In an ASB report, Smith said the central bank can “look through” short-term inflation pressures and focus on medium-term trends thanks to "contained inflation expectations".
ASB expects a 25-basis-point OCR cut in November, bringing the rate to 2.25%, saying the RBNZ “would be well placed to push the OCR lower still in 2026 if there is the need to kick-start the sluggish NZ economy".
Inflation expectations remain stable despite CPI rise
The RBNZ’s Q4 Survey of Expectations showed minimal movement in inflation forecasts after the October 50-basis-point rate cut and third-quarter CPI lift to 3%.
- 1-year-ahead: 2.39% (up from 2.37%)
- 2-year-ahead: 2.28% (unchanged)
- 5-year: 2.22% (down from 2.26%)
- 10-year: 2.18% (up from 2.15%)
“The RBNZ will be somewhat reassured by this and relieved that inflation expectations did not follow the headline CPI higher,” Smith said.
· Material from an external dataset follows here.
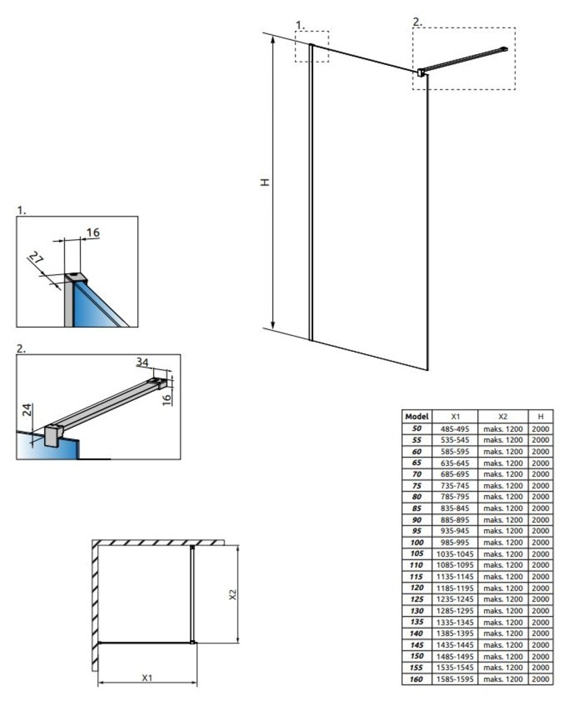 Vďaka hrúbke skla 10 mm je konštrukcia mimoriadne stabilná a pevná, takže poskytuje pocit istoty aj pri väčších rozmeroch. Walk-in systém je zároveň praktický – bez dverí, bez mechanizmov, ktoré by sa opotrebovali, ľahko sa čistí a pri správnom osadení vytvára bezbariérový vstup vhodný pre kohokoľvek.

Stats NZ’s latest release echoed the same trend, showing stable inflation expectations across all horizons and projecting the OCR to average 2.25% by December 2025 and 2.31% by late 2026.
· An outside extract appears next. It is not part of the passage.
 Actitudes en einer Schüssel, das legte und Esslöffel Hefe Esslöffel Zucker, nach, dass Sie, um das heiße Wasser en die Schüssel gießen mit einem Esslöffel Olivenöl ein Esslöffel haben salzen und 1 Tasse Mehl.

Lower rates, steady jobs, modest growth ahead
Survey respondents also expect house price inflation to ease to 2.39% (one year) and 3.47% (two years), while GDP growth is seen rising to 2.06% and 2.27% – the strongest outlook since 2022.
Labour-market expectations remain steady, with unemployment projected to dip from 5% to 4.7%, helping “dampen medium-term inflation”.
Wage growth forecasts have edged up to 2.82% next year and 3.02% in the year after, consistent with ASB’s view that wage pressures remain contained and “should help cap core inflation, particularly if productivity picks up".
What it means for mortgage advisers
For mortgage advisers, the findings point to a lower-for-longer rate environment and improving borrower sentiment into 2026. Anchored inflation expectations and cautious growth suggest favourable conditions for refinancing and first-home lending, as borrowers regain confidence in the stability of rates.
As Smith summed up: “Annual inflation approaching 2% by the end of next year will provide the RBNZ with scope to lower the OCR and provide economic support to an economy trying to find its mojo.”